Far Eastern Surety & Insurance v. Hernandez
REITERATIONFacts
The Antecedents: Plaintiff-appellee, Far Eastern Surety & Insurance Company, Inc., obtained a judgment against the defendants, including defendant-appellant Virginia D. Vda. de Hernandez, in Civil Case No. 48670. Procedural History: On June 7, 1965, defendant-appellant received a copy of the order granting an ex parte motion for execution of the judgment. On June 9, 1965, she filed a motion for reconsideration, praying that the order be set aside and set for hearing, alleging lack of notice as required by Section 6 of Rule 15 of the Revised Rules of Court. On June 29, 1965, her motion for reconsideration was denied for lack of merit. Defendant-appellant appealed these orders to the Court of Appeals. The Court of Appeals, finding the issue to be purely of law, transmitted the records to the Supreme Court.

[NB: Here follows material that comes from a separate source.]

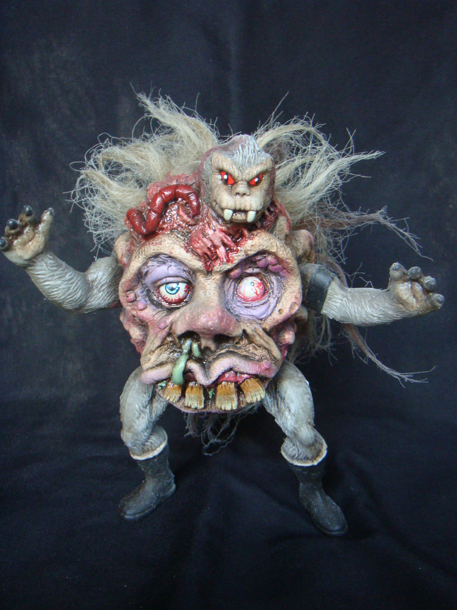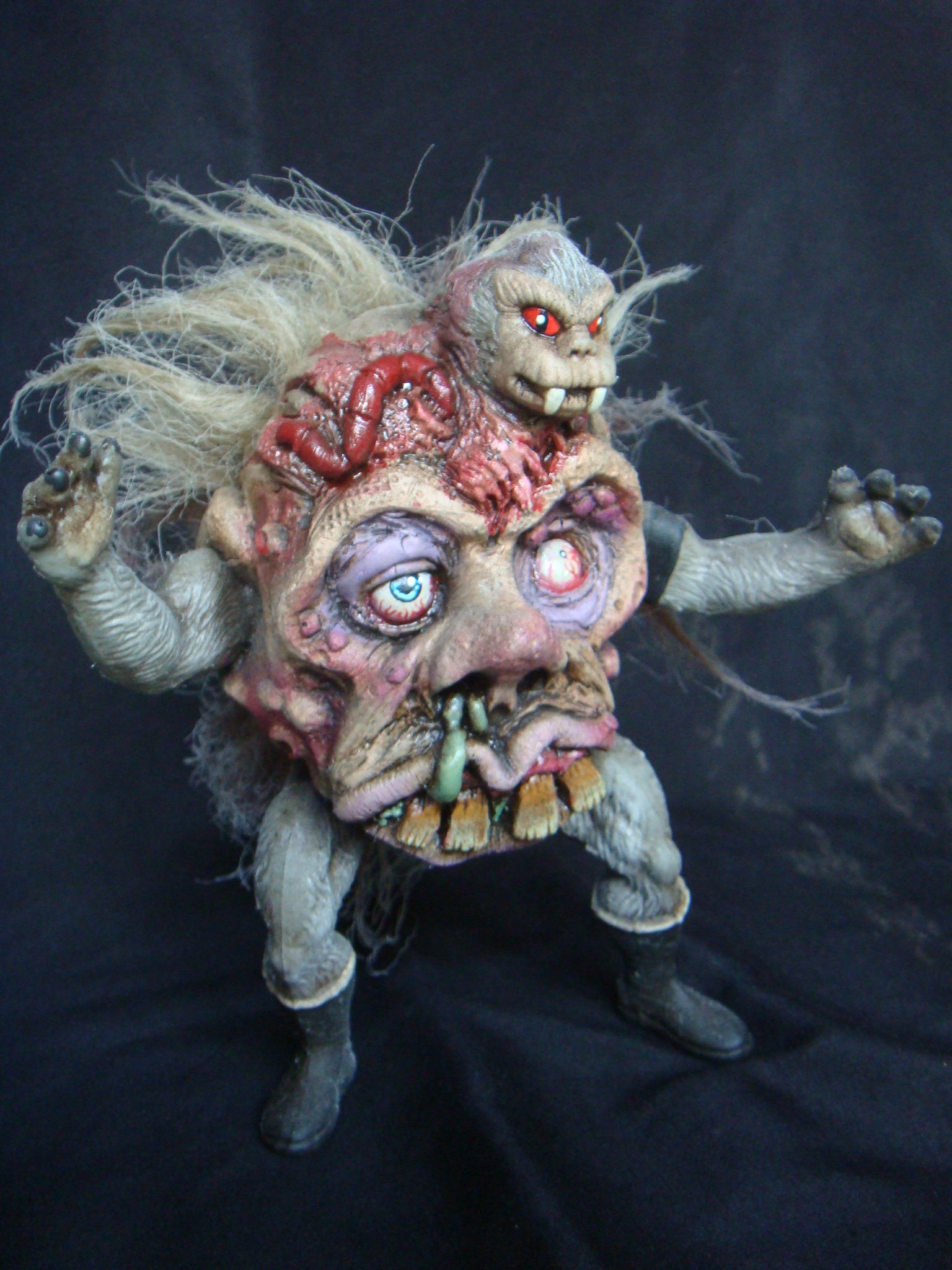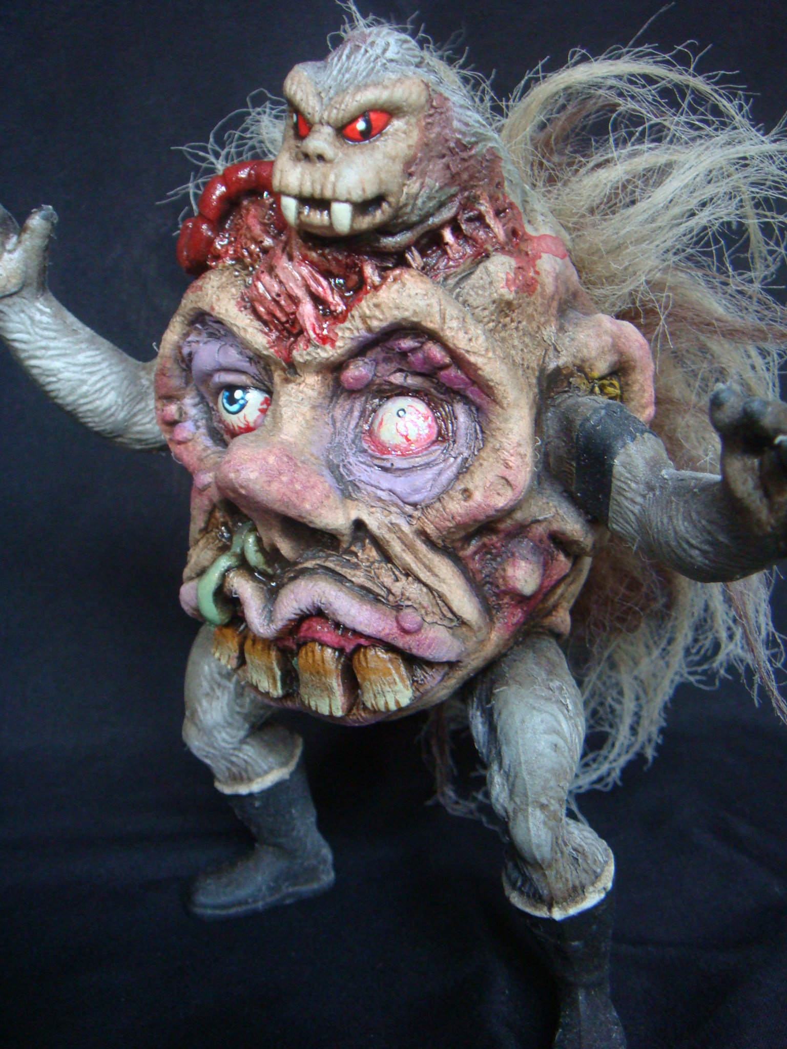 This is Grizzle. He is a member of the Evil Head group. He is also one of three or four (possibly five) non articulated resin figures I'll be releasing in my spare time. I'm not one to bootleg or use parts that were sculpted by other artists, but this series is an exception due to the title I've chosen for these guys. This guy is a parody of the He-Man series I used to watch as a child, but he's also a love letter to the He-Man figures and to many other toys and movies that influenced when I was young, so I wanted to use parts from the actual toys. Imagine a Mad Scientist throwing together a creation made from the parts of Madballs or Weird Balls, He-Man action figures, and happy trolls, all while watching California Raisin commercials and an unhealthy amount of zombie movies and other horror films such as John Carpenter's The Thing, Gremlins, and films like Don Dohler's The Alien Factor. This should give you an idea as to where I'm coming from.
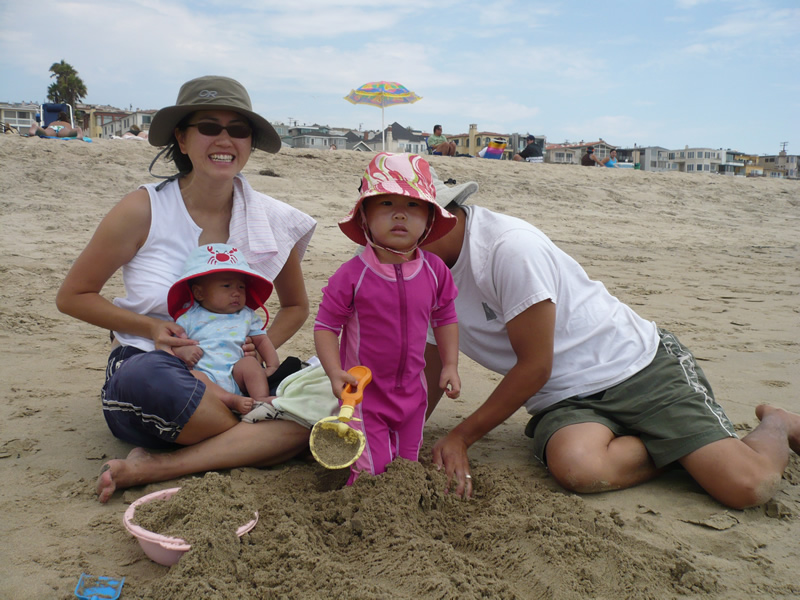 Yesterday, we went to Manhattan Beach for our church's annual beach day. Embarassingly, this is the first time we went to the beach all summer. Dad buried my legs in the sand, but I got out pretty easily. We also tried to save Noah's sand castle by building walls around it, but we learned a valuable life lesson yesterday--the ocean always wins.

The Petition: The case was submitted for resolution on the question of law: whether the absence of prior notice of an application for the issuance of a writ of execution on a final and executory judgment, absent any showing of prejudice, renders the execution and subsequent proceedings void.
Issue(s)
Whether the absence of prior notice of an application for the issuance of a writ of execution on a judgment that is final and executory, absent any showing that the other party will be prejudiced thereby, renders the execution and subsequent proceedings thereunder void. Whether an order of execution of a final judgment is appealable.
Ruling
The Supreme Court affirmed the appealed order of June 4, 1965, holding that the issuance of the writ of execution was proper and that the absence of prior notice to the defendant-appellant did not render the proceedings void.
Ratio Decidendi
On the issue of notice for execution of a final and executory judgment: The Court reiterated the general rule that notice of a motion is required to afford a party an opportunity to be heard. However, it clarified that this principle applies to litigated motions where a party has a right to resist the relief sought. In the case of a final and executory judgment, the prevailing party has a right to have a writ of execution issued as a matter of course within five years from its entry. The court's duty to issue such a writ is ministerial, not discretionary. The defendant-appellant failed to show how she was prejudiced by the issuance of the writ, especially since the judgment was already final and executory. The Court cited Section 1 of Rule 39 of the Revised Rules of Court, which does not prescribe service of a copy of the motion for execution of a final and executory judgment on the defeated party. Furthermore, the Court noted that established jurisprudence does not require further notice and hearing before supplemental proceedings are taken to reach a judgment debtor's property in satisfaction of a judgment, once the judgment has been rendered and the debtor has had their day in court. The established rule is that once a judgment becomes final and executory, the prevailing party can have it executed as a matter of right, and the granting of execution becomes a ministerial duty of the court. Hence, the judgment debtor need not be given advance notice of the application for execution nor afforded a prior hearing. The absence of such advance notice does not constitute an infringement of the constitutional guarantee of due process. On the appealability of an order of execution: The Court stated that ordinarily, an order of execution of a final judgment is not appealable, as doing so would prevent a case from ever ending. Once a court renders a final judgment, all issues are deemed resolved, and the execution phase is merely ministerial. The court cannot refuse to issue a writ of execution upon a final and executory judgment, or quash it, or order its stay, except in specific instances such as a change in the situation of the parties making execution inequitable, or if the writ was improvidently issued, defective, issued against the wrong party, or if the judgment debt has been paid or satisfied. The defendant-appellant did not demonstrate that any of these exceptions applied to her situation.
Main Doctrine
The issuance of a writ of execution for a final and executory judgment is a ministerial duty of the court, and the absence of prior notice to the judgment debtor does not render the execution void, absent any showing of prejudice or violation of due process.